* **TASK DIRECTIONS**
Write out every record below exactly as given. Leave the pictures out.

= = = = =

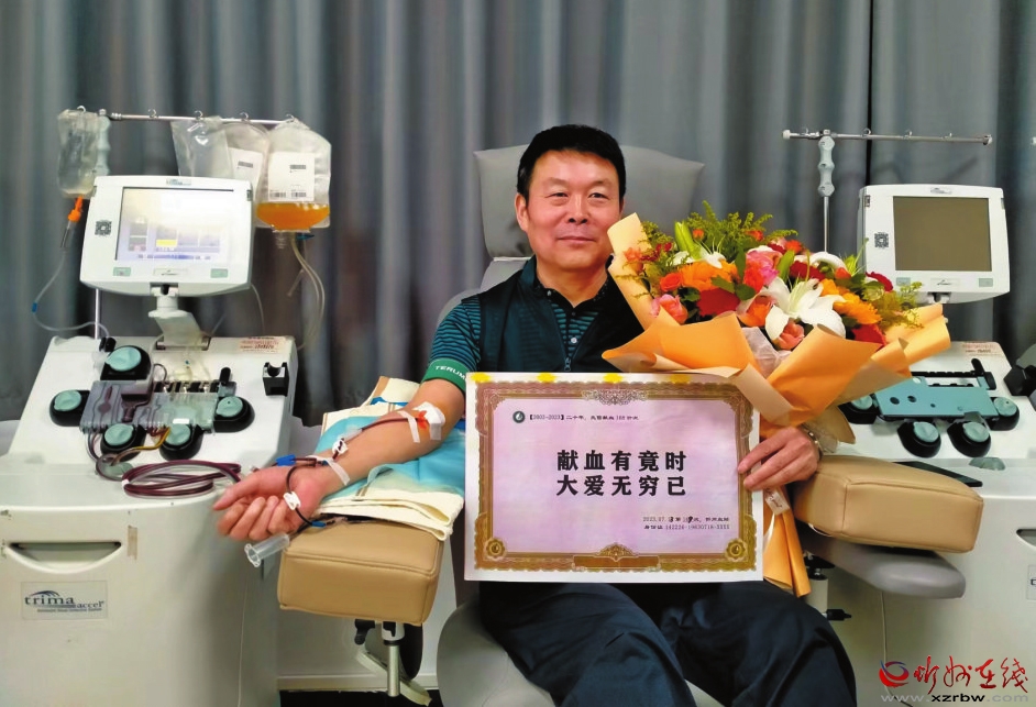 獻(xiàn)血有量,大愛(ài)無(wú)疆。梁占海表示,獻(xiàn)血雖然結(jié)束了,但自己將從此轉(zhuǎn)向無(wú)償獻(xiàn)血志愿服務(wù)隊(duì)伍,終身服務(wù)于無(wú)償獻(xiàn)血這一公益事業(yè)。(本報(bào)記者 王金華)
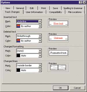 Выбрав источник корпоративных шаблонов и зафиксировав его, можно смело пользоваться известной командой File®New. Можно обнаружить, что во вкладке General появились новые шаблоны документов, готовые к использованию. Если же папка с корпоративными шаблонами содержала вложенные папки, то можно увидеть и новые одноименные вкладки, где эти шаблоны хранятся. Авторы, наделенные правами редактирования корпоративных шаблонов, могут заметно сократить время подготовки документов другими авторами на основе этих шаблонов, если воспользуются мощным средством Microsoft Word 2000 - пользовательскими стилями. Создав при очередном редактировании шаблона с помощью команды Format®Style®New новый стиль абзаца или текста и сохранив его, можно многократно пользоваться им в окне Style на панели форматирования при разработке нового документа на основе этого шаблона, как это происходит со стандартными стилями. Рецензирование документовЧтобы окончательно согласовать документ, его необходимо обсудить с рецензентами или с коллегами. Помимо упомянутых выше интерактивных Web-дискуссий, для которых необходим Web-сервер с развернутыми Office Server Extensions, в Word 2000 имеется возможность включить в документе с помощью команды Tools®Track Changes®Highlight Changes режим отслеживания редакторских правок с последующей возможностью окончательно применить их или отказаться от некоторых из них. Этот режим будет еще эффективнее, если перед отправкой документа рецензенту воспользоваться командой Tools®Protect Document в режиме Tracked Changes, задать пароль и сохранить документ в таком виде. Теперь только автор, знающий пароль, сможет применить или отменить все редакторские правки рецензентов. А как узнать, какой рецензент сделал те или иные правки? В стандартном режиме каждый новый рецензент автоматически делает правки своим цветом, а настроить цвета можно заранее, с помощью команды Tool®Options®Track Changes.
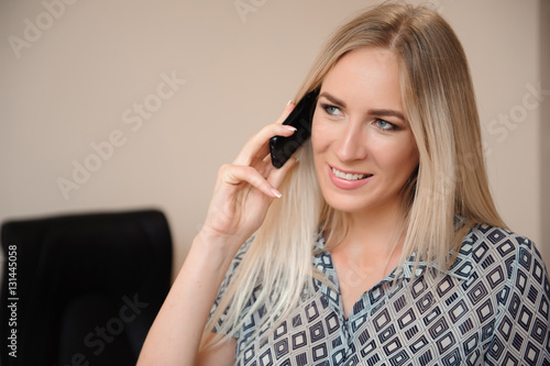 Fototapeta premium Beautiful business woman talking on mobile phone. Young female m
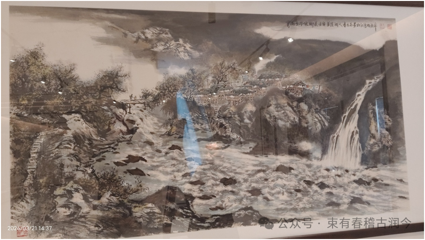 第二件是重达2吨、高1米多的《锦绣河山》青花瓷缸画。这件作品同样采取“釉下彩”绘制方法,创作过程同样是艰辛无比。但大师能够做到一气呵成,其创作过程中的立体思维和笔墨把控能力,不得不令人叹为观止。这件作品能够在艺术馆中陈列,当时是通过起重机的一次次起吊才完成的。艺术创作也是一项十分艰辛的劳动,我们常人没有理由不去尊重艺术家的劳动。
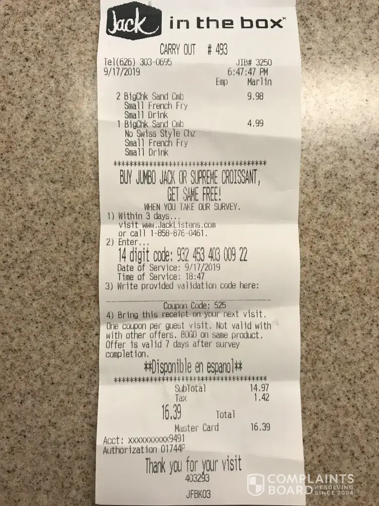 We went to this Jack in the box tonight and asked for $3.99 big chicken sandwich combo. But cashier said they don't sell $3.99, their price is $4.99? I am attached my receipt for you to review. Also the stranger thing is other location they have adds on the window with $3.99 price but this location their add only with pictures but no price on it...

= = = = =

* **RESPONSE TO THE TASK**
 獻(xiàn)血有量,大愛(ài)無(wú)疆。梁占海表示,獻(xiàn)血雖然結(jié)束了,但自己將從此轉(zhuǎn)向無(wú)償獻(xiàn)血志愿服務(wù)隊(duì)伍,終身服務(wù)于無(wú)償獻(xiàn)血這一公益事業(yè)。(本報(bào)記者 王金華)
 Выбрав источник корпоративных шаблонов и зафиксировав его, можно смело пользоваться известной командой File®New. Можно обнаружить, что во вкладке General появились новые шаблоны документов, готовые к использованию. Если же папка с корпоративными шаблонами содержала вложенные папки, то можно увидеть и новые одноименные вкладки, где эти шаблоны хранятся. Авторы, наделенные правами редактирования корпоративных шаблонов, могут заметно сократить время подготовки документов другими авторами на основе этих шаблонов, если воспользуются мощным средством Microsoft Word 2000 - пользовательскими стилями. Создав при очередном редактировании шаблона с помощью команды Format®Style®New новый стиль абзаца или текста и сохранив его, можно многократно пользоваться им в окне Style на панели форматирования при разработке нового документа на основе этого шаблона, как это происходит со стандартными стилями. Рецензирование документовЧтобы окончательно согласовать документ, его необходимо обсудить с рецензентами или с коллегами. Помимо упомянутых выше интерактивных Web-дискуссий, для которых необходим Web-сервер с развернутыми Office Server Extensions, в Word 2000 имеется возможность включить в документе с помощью команды Tools®Track Changes®Highlight Changes режим отслеживания редакторских правок с последующей возможностью окончательно применить их или отказаться от некоторых из них. Этот режим будет еще эффективнее, если перед отправкой документа рецензенту воспользоваться командой Tools®Protect Document в режиме Tracked Changes, задать пароль и сохранить документ в таком виде. Теперь только автор, знающий пароль, сможет применить или отменить все редакторские правки рецензентов. А как узнать, какой рецензент сделал те или иные правки? В стандартном режиме каждый новый рецензент автоматически делает правки своим цветом, а настроить цвета можно заранее, с помощью команды Tool®Options®Track Changes.
 Fototapeta premium Beautiful business woman talking on mobile phone. Young female m
 第二件是重达2吨、高1米多的《锦绣河山》青花瓷缸画。这件作品同样采取“釉下彩”绘制方法,创作过程同样是艰辛无比。但大师能够做到一气呵成,其创作过程中的立体思维和笔墨把控能力,不得不令人叹为观止。这件作品能够在艺术馆中陈列,当时是通过起重机的一次次起吊才完成的。艺术创作也是一项十分艰辛的劳动,我们常人没有理由不去尊重艺术家的劳动。
 We went to this Jack in the box tonight and asked for $3.99 big chicken sandwich combo. But cashier said they don't sell $3.99, their price is $4.99? I am attached my receipt for you to review. Also the stranger thing is other location they have adds on the window with $3.99 price but this location their add only with pictures but no price on it...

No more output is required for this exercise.